▶ Task to carry out:
Write out the listing from the line with "Western diamondback rattlesnake" to the line with "10m above a river, Indonesia", both lines included, exactly and nothing beyond. Leave pictures out.

▶ Provided material:
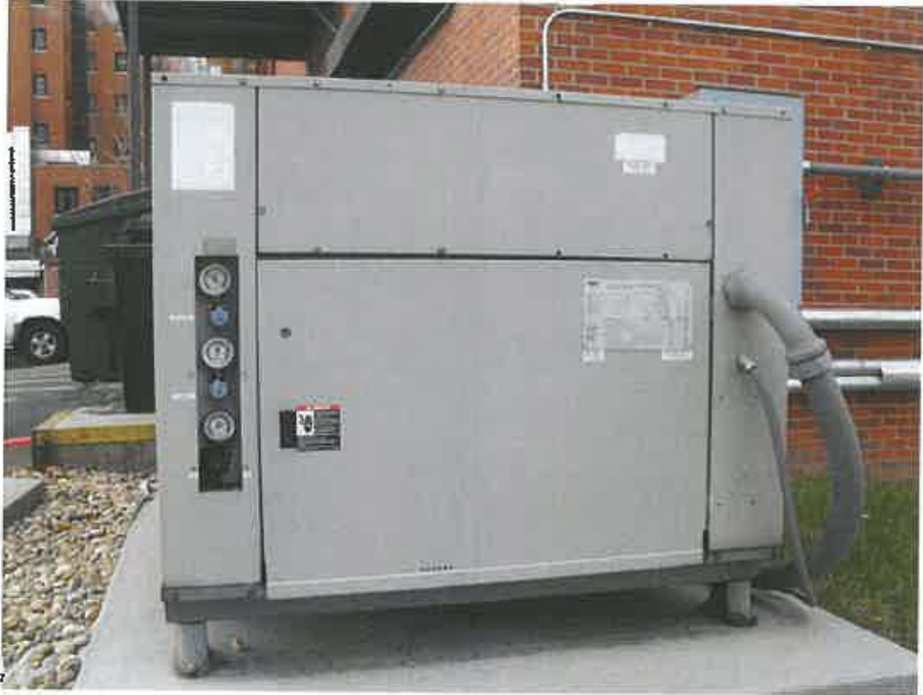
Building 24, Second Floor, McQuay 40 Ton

--

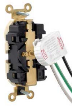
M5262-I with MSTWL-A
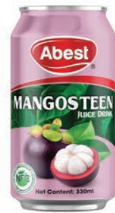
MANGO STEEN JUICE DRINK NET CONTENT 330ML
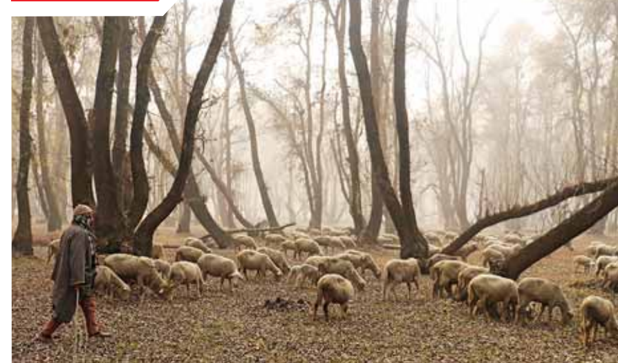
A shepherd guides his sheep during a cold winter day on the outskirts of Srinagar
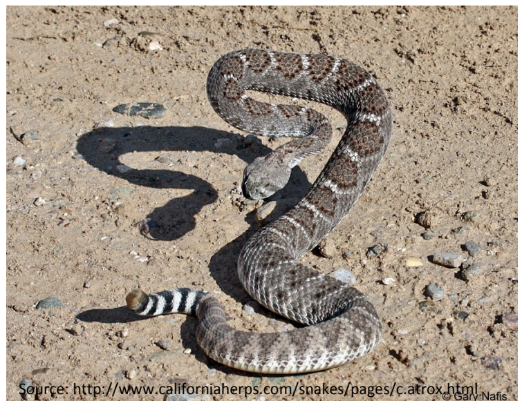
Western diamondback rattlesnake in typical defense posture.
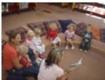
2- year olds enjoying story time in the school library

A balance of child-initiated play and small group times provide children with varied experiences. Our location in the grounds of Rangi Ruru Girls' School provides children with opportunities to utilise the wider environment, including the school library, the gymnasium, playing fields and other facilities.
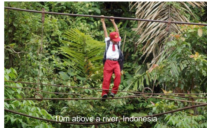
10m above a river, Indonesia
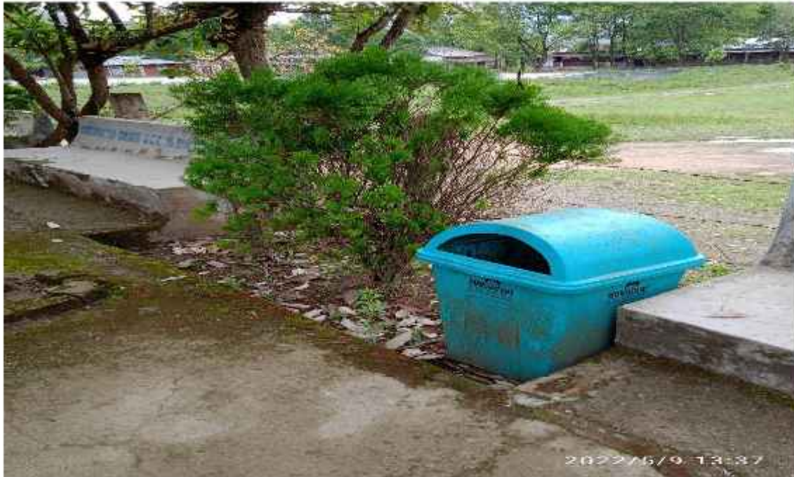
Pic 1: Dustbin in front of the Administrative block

▶ Exercise output:
Western diamondback rattlesnake in typical defense posture.
2- year olds enjoying story time in the school library

A balance of child-initiated play and small group times provide children with varied experiences. Our location in the grounds of Rangi Ruru Girls' School provides children with opportunities to utilise the wider environment, including the school library, the gymnasium, playing fields and other facilities.
10m above a river, Indonesia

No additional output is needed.